Thanks for the ndtuples, now I have built what I really need which is the
n-dimensional version of linspace: '''ndlinspace''', which of course with
ndtuples is a lot of faster than using python list or other approaches.

So my little contribution:

{{{
# Jose Antonio Martin H.
# jamartinh <AT> fdi.ucm.es
# 29-Dec-2007

from numpy import *

def ndtuples(*dims):
"""Fast implementation of array(list(ndindex(*dims)))."""

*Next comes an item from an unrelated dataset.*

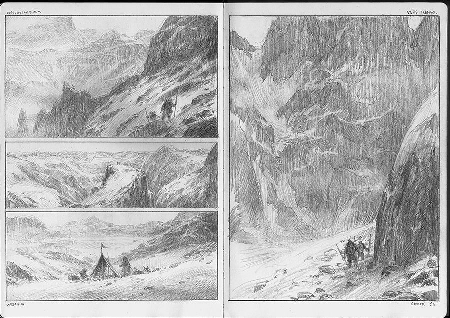 Le “Carnet Kipling” est un projet à part, extrêmement personnel. Il s’agit d’un carnet d’un peu plus d’une centaine de pages remplies de croquis, et d’une série d’illustrations à l’aquarelle, plus classiquement “illustratives”. Je ne saurais pas vraiment expliquer rationnellement ce projet, sinon par la passion presque absurde pour la nouvelle de Kipling. Il FALLAIT que je dessine ce texte. Enfant, j’avais été marqué par le film de John Huston, que mes parents m’avaient autorisé à regarder un soir à la télévision. Le film développe d’ailleurs à la perfection des tas d’idées qui ne sont qu’effleurées dans le texte de Kipling. J’ai accumulé des milliers de documents en rapport avec ce livre, le pays dans lequel il se déroule. Je crois qu’il y a, dans “L’homme qui voulut être roi”, une combinaison parfaite de tout ce qui me parle. Des contrées merveilleuses, la fin du dix-neuvième siècle, Alexandre le Grand, l’aventure, les mythes, les vestiges, les civilisations perdues, la beauté, la mort…

# Need a list because we will go through it in reverse popping
# off the size of the last dimension.
dims = list(dims)

# N will keep track of the current length of the indices.
N = dims.pop()

# At the beginning the current list of indices just ranges over the
# last dimension.
cur = arange(N)
cur = cur[:,newaxis]

while dims != []:

d = dims.pop()

# This repeats the current set of indices d times.
# e.g. [0,1,2] -> [0,1,2,0,1,2,...,0,1,2]
cur = kron(ones((d,1)),cur)

# This ranges over the new dimension and 'stretches' it by N.
# e.g. [0,1,2] -> [0,0,...,0,1,1,...,1,2,2,...,2]
front = arange(d).repeat(N)[:,newaxis]

# This puts these two together.
cur = column_stack((front,cur))
N *= d

return cur

def ndlinspace(input_ranges,nelems):
""" ndlinspace: n-dimensional linspace function
input_ranges = [[-1,1],[-0.07,0.07]]
nelems = (5,5)
"""

#x = array(list(ndindex(*nelems)),float)+1.0
x = ndtuples(*nelems)+1.0

lbounds = []
ubounds = []
from_b  = array(nelems,float)
for r in input_ranges:
lbounds.append(r[0])
ubounds.append(r[1])

lbounds = array(lbounds,float)
ubounds = array(ubounds,float)

y = (lbounds) + (((x-1)/(from_b-1))*((ubounds)-(lbounds)))

return y

input_ranges = [[-1,1],[-0.07,0.07]]
nelems = (5,5)
b = ndlinspace(input_ranges,nelems)
print b

# result
##[[-1.    -0.07 ]
## [-1.    -0.035]
## [-1.     0.   ]
## [-1.     0.035]
## [-1.     0.07 ]
## [-0.5   -0.07 ]
## [-0.5   -0.035]
## [-0.5    0.   ]
## [-0.5    0.035]
## [-0.5    0.07 ]
## [ 0.    -0.07 ]
## [ 0.    -0.035]
## [ 0.     0.   ]
## [ 0.     0.035]
## [ 0.     0.07 ]
## [ 0.5   -0.07 ]
## [ 0.5   -0.035]
## [ 0.5    0.   ]
## [ 0.5    0.035]
## [ 0.5    0.07 ]
## [ 1.    -0.07 ]
## [ 1.    -0.035]
## [ 1.     0.   ]
## [ 1.     0.035]
## [ 1.     0.07 ]]

}}}

--
Ticket URL: <http://scipy.org/scipy/numpy/ticket/636#comment:2>
NumPy <http://projects.scipy.org/scipy/numpy>
The fundamental package needed for scientific computing with Python.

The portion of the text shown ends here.